◆ Task statement ◆
Starting with the line that includes "本月餐饮行业,面馆依旧热闹,相继有和府捞", write out every remaining line of the records below exactly as it appears, leaving out any images.

Source records
──────────

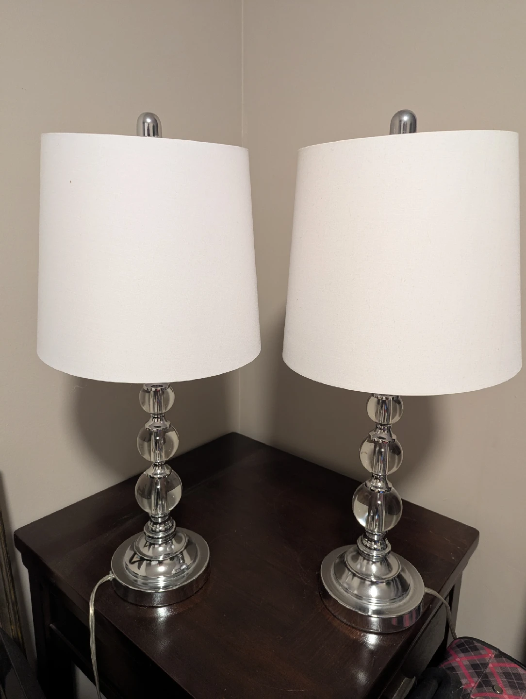 Selling a pair of lovely table lamps! They feature a classic design with a white shade and a stylish chrome base with decorative glass balls. They'd look great in a bedroom, living room, or office space. They are in great condition and ready to brighten up your home!
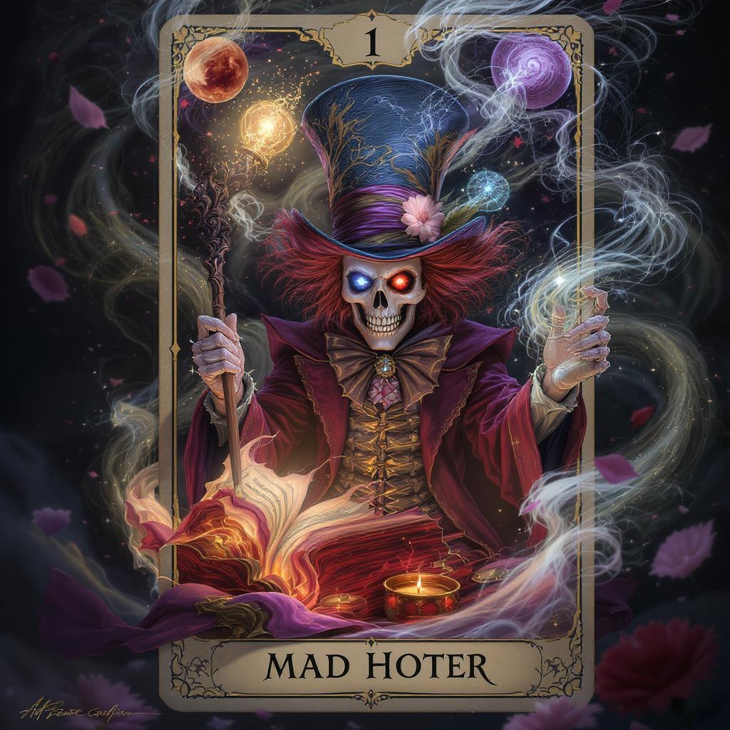 Alice in Wonderland inspired scene featuring the Mad Hatter as a mystical magician on a tarot card, showcasing a highly detailed and vibrant design with a half skull face. The composition is cinematic and rendered in 8k quality, capturing the essence of signature styles by Stanley Artgerm, Tom Bagshaw, and Carne Griffiths. The artwork is hyper-detailed and bursting with color, presenting a surreal and enchanting atmosphere that balances whimsy with an eerie undertone.
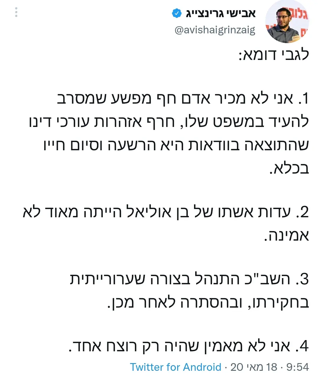פשוט וברור שלולי לילה שלם של עינויים (לא חוקיים) ואיום בהחזרה לעינויים - הוא היה היום אדם חופשי. על הרבה פחות מכך, פושעים גדולים ממשיכים להסתובב ולפגוע.
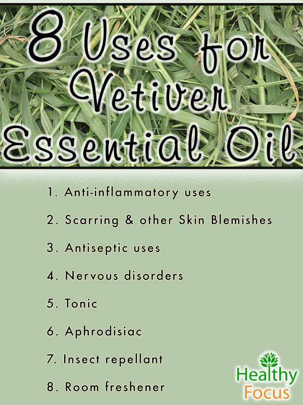 - After diluting it with a carrier oil, vetiver makes a great massage oil to help promote relaxation and circulation. Massaging it into scars and stretch marks can help with your skin’s appearance.
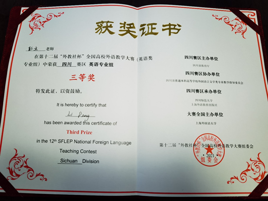 6月11日-13日,第十二届“外教社杯”全国高校外语教学大赛(英语类专业组)四川赛区比赛在四川师范大学圆满落幕。我校taptap点点足彩民航英语教研室教师彭立斩获本次大赛英语专业组三等奖。
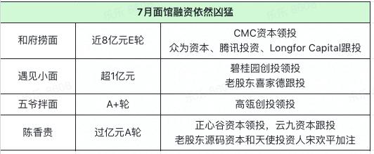 本月餐饮行业,面馆依旧热闹,相继有和府捞面、遇见小面、五爷拌面、陈香贵拿到过亿融资。线下咖啡连锁有三家拿到融资,包括代数学家、seesaw和M Stand。
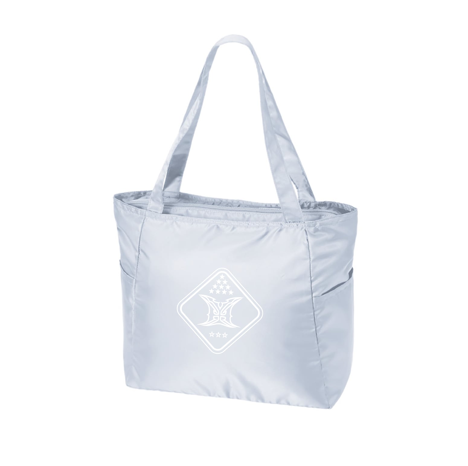 両サイドにはポケット付きで、スマホや折りたたみ傘などを入れることができ、またベロ付きの口元ファスナー仕様で開閉がしやすく、容量いっぱいに食材などを入れる事ができます。
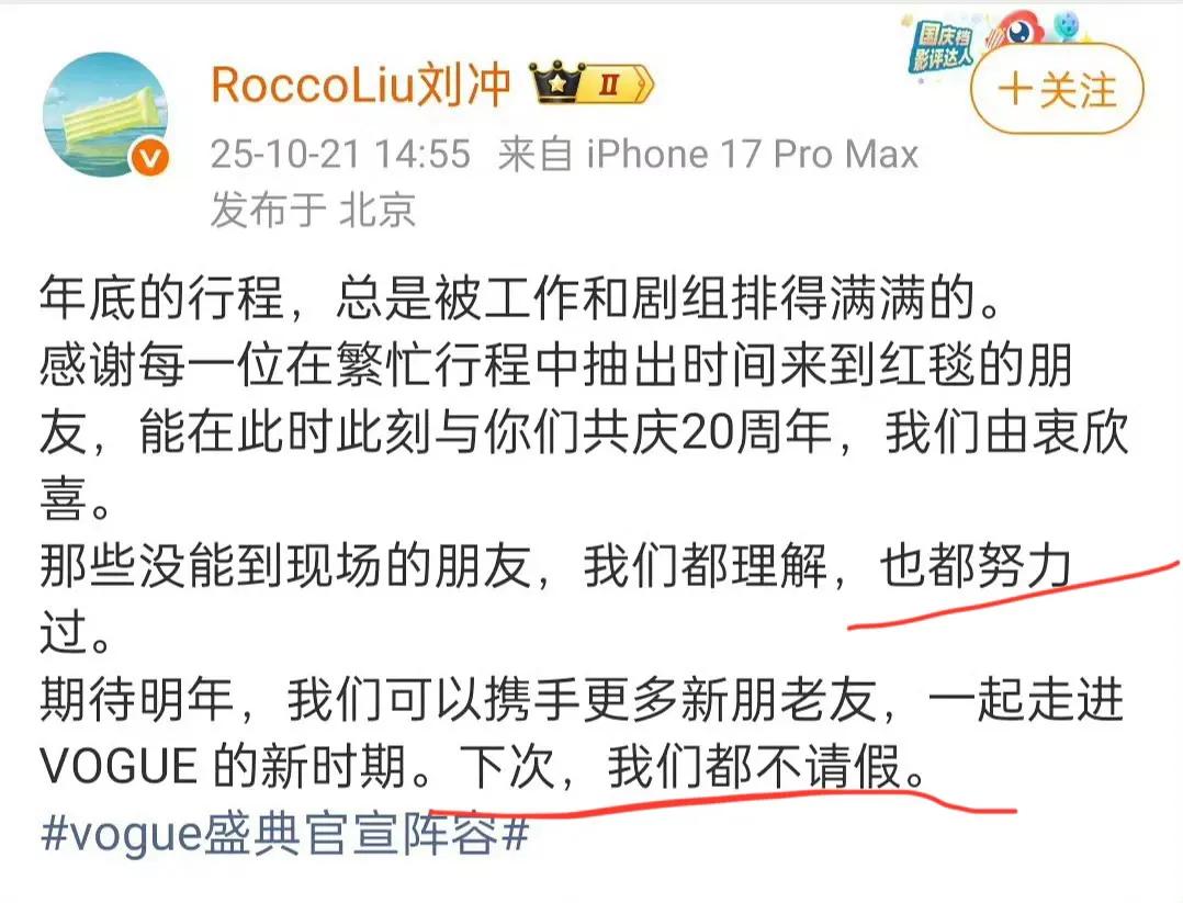 但今年VOGUE二十周年盛典,赵丽颖、迪丽热巴、杨紫、肖战、王一博、辛芷蕾等重量级内娱大咖全以各种理由请假,愣是一个没来,把刘冲都急得发文呼吁“下次不要请假”。

──────────

◆ Task answer ◆
 本月餐饮行业,面馆依旧热闹,相继有和府捞面、遇见小面、五爷拌面、陈香贵拿到过亿融资。线下咖啡连锁有三家拿到融资,包括代数学家、seesaw和M Stand。
 両サイドにはポケット付きで、スマホや折りたたみ傘などを入れることができ、またベロ付きの口元ファスナー仕様で開閉がしやすく、容量いっぱいに食材などを入れる事ができます。
 但今年VOGUE二十周年盛典,赵丽颖、迪丽热巴、杨紫、肖战、王一博、辛芷蕾等重量级内娱大咖全以各种理由请假,愣是一个没来,把刘冲都急得发文呼吁“下次不要请假”。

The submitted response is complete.